Lin’s novels continue to deconstruct a monolithic idea of Asian American identity by demonstrating cultural differences even within the Taiwanese American community. A major plot line in The Year of the Dog involves the arrival of another Taiwanese American girl to Pacy’s community. Like Ling and Ting, Pacy and her friend Melody are not exactly alike; in fact, they are not even related. However, their first meeting is marked by the assumption of many Americans that their racial identity does make them alike. For example, the woman serving spaghetti in the school cafeteria refuses to give Pacy “another” plate when Melody has already taken one. When Pacy protests that she has not yet taken a lunch, the woman does not believe her, “shaking her head and looking at me suspiciously” (21). Again, Lin’s critique is understated, as the scene moves quickly from the cafeteria worker’s suspicion to Pacy’s joy in discovering the reason for the confusion: the arrival of a new girl who is also Taiwanese American. Pacy celebrates their similarities, agreeing that she and Melody are “almost twins” (25), because they are both middle children, have long black hair, play the violin, and cannot write in Chinese. Significantly, however, these similarities are not racial characteristics, but details that any child would find important: birth order, hair style, and extracurricular interests. Pacy’s and Melody’s shared ethnic heritage is marked only through negation, in that neither of them understands written Chinese.

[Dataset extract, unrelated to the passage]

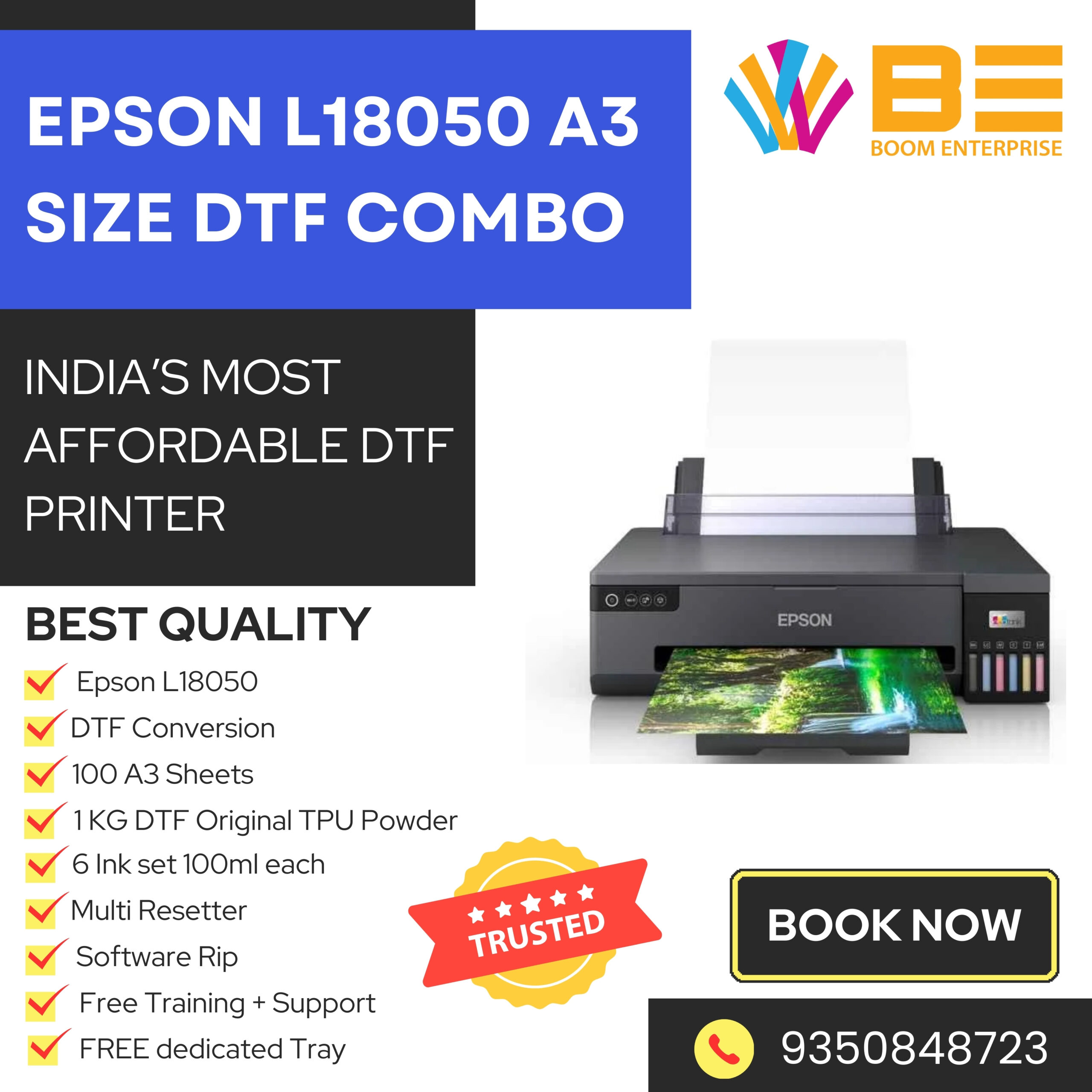 The Epson L18050 A3 DTF Combo Printer represents the next evolution in high-quality garment printing. Combining reliability, affordability, and professional-grade results, it empowers businesses to produce stunning, durable prints with ease. Whether you’re launching a new custom apparel line or expanding your existing business, this printer is your key to taking DTF printing to the next level.
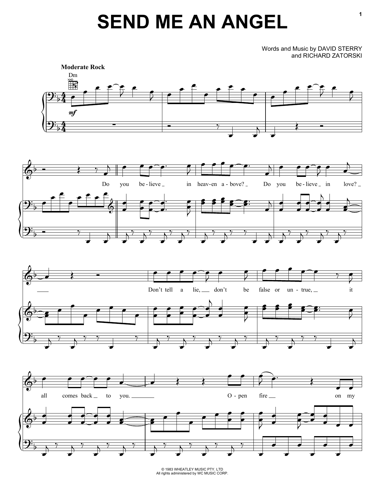 Download or print Real Life Send Me An Angel sheet music, chords and digital score arranged for Piano, Vocal & Guitar Chords (Right-Hand Melody). This Pop score includes 5 page(s).

The novel also reminds the reader that the girls’ families are not exactly alike. One of the most obvious differences between them is the food that they consume. As in many Asian American novels, food is a major trope in the Pacy books; indeed, food scholarship is a growing field in Asian American literary studies, as scholars continue to identify foodways as important signifiers in Asian American texts. According to Wenying Xu, food narratives in Asian American literature are not incidental, but a “dominant site of economic, cultural, and political struggle” (14). More relevant for the field of children’s literature, Jennifer Ann Ho has charted the importance of food and foodways as a trope through which adolescents forge complex and hybrid identities in Asian American coming-of-age novels. In the Pacy books, food is certainly a signifier of Asian heritage; not only are the novels filled [End Page 112] with descriptions of Chinese and Taiwanese delicacies, but Pacy’s relatives frequently explain that in Taiwan “everything is about food” (YOD 42), “food is the treasure of Taiwan” (DD 6), and “eating is a hobby … in Taiwan” (DD 15). Food is also the most obvious site through which Pacy and her family forge a hybrid Asian American identity. When Pacy fills the Chinese New Year tray with both Chinese candy and M&Ms, her father exclaims, “It’s just like us—Chinese-American” (YOD 4). For this reason, the fact that Lin distinguishes Pacy’s family from Melody’s family using food is not insignificant. Eating brown rice rather than white rice, with little salt or oil, Melody’s family serves health-conscious food that prompts Pacy to ask in disgust, “Are you sure this is Chinese food?” (YOD 31). Just as Pacy and Melody are not exactly the same, their families have different relationships with food; if food is a marker of identity, then food in these novels signifies the heterogeneity of the Asian American experience.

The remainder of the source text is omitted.